Gazetteer of Towns

    LEBANON was formed from Hamilton, February 6, 1807. It is the center town upon the south border of the County. Its surface is hilly upland, lying between the Chenango and Otselic Rivers. The summits in the west part are 500 to 800 feet above the valley. The valley of the Chenango River, extending through the east part, is about one mile wide, and is bordered by steep hillsides. The other streams are small brooks. The soil upon the hills is a gravelly loam, underlaid by hardpan, and in the valleys it is alluvium.

    Lebanon (p. v.) contains one church, a saw mill, a grist mill, a tannery, and 25 houses.

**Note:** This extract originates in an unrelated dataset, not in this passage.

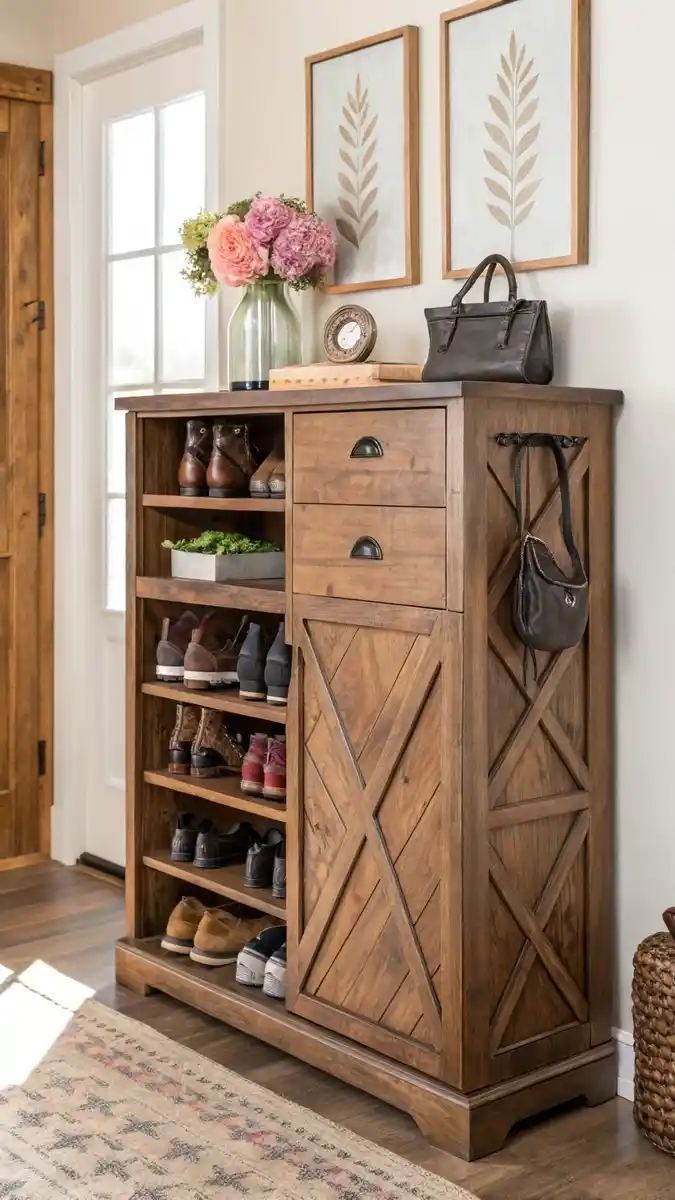 As a shoe rack in living room entryway, the magic here is height. Vertical storage lets you use a smaller footprint while still handling many pairs. If you have an outlet nearby, add a little charging basket inside the cabinet so devices charge out of sight. That way the top stays pretty with flowers or a clock.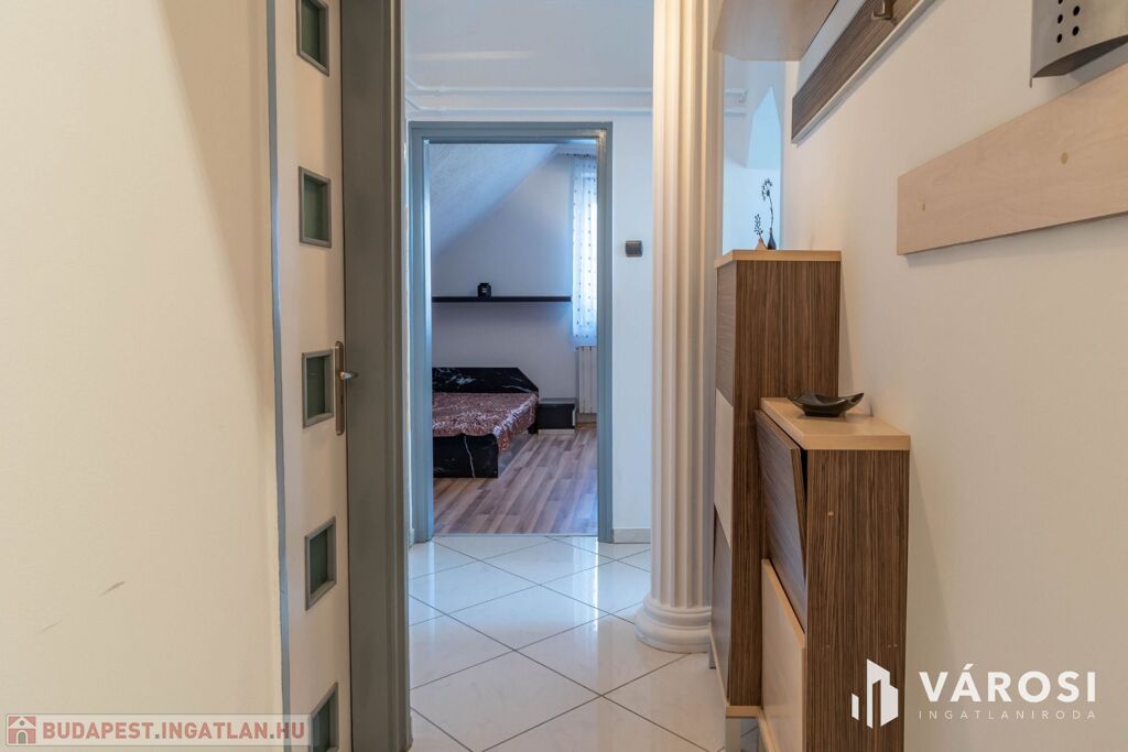 A lakás teljes körű esztétikai felújításon esett át, minden helyiség frissen festett, a fürdőszoba kompletten felújított, a konyha és az előszoba új burkolatot kapott. A fűtést kombi gázkazán biztosítja radiátoros hőleadással, az ingatlan egyedi mérőórákkal rendelkezik. A nyári komfortot klímaberendezés, a megfelelő hőérzetet pedig a szigetelt tetőtér garantálja.

    Smith's Valley and Middleport are hamlets.

    Luther C. Niles, born in the town of Madison in 1793, but now living in this town, is said to be the oldest man now living in Madison County, who was born in it.

    The first settlement was made in 1792, by Enoch Stowell and Jonathan Bates, from Vermont. Among the early settlers were John, Charles, James and Isaac Campbell, Thomas Hueston, Lent Bradley, Solomon Jones, Abram Webster, Daniel Stowell, David Hartson, Joshua Smith, Deacon Finney, David Shapely, Malchiah Hatch, Dr. Merrick, Elihu Bosworth, Benjamin Hewes and Capt. Moore.

    Elisha Wheeler built the first saw-mill and Daniel Wheeler the first grist-mill. Israel Thayer kept the first store, and widow Nancy Campbell, a lady of about seventy years of age, taught the first school. There are three churches in the town.

    The census of 1865 gives a population of 1,557, and an area of 26,279 acres. There are sixteen school districts in the town, employing thirteen teachers. The whole number of pupils is 487, and the average attendance is 187. The amount expended for school purposes in 1867 is $1,385.12.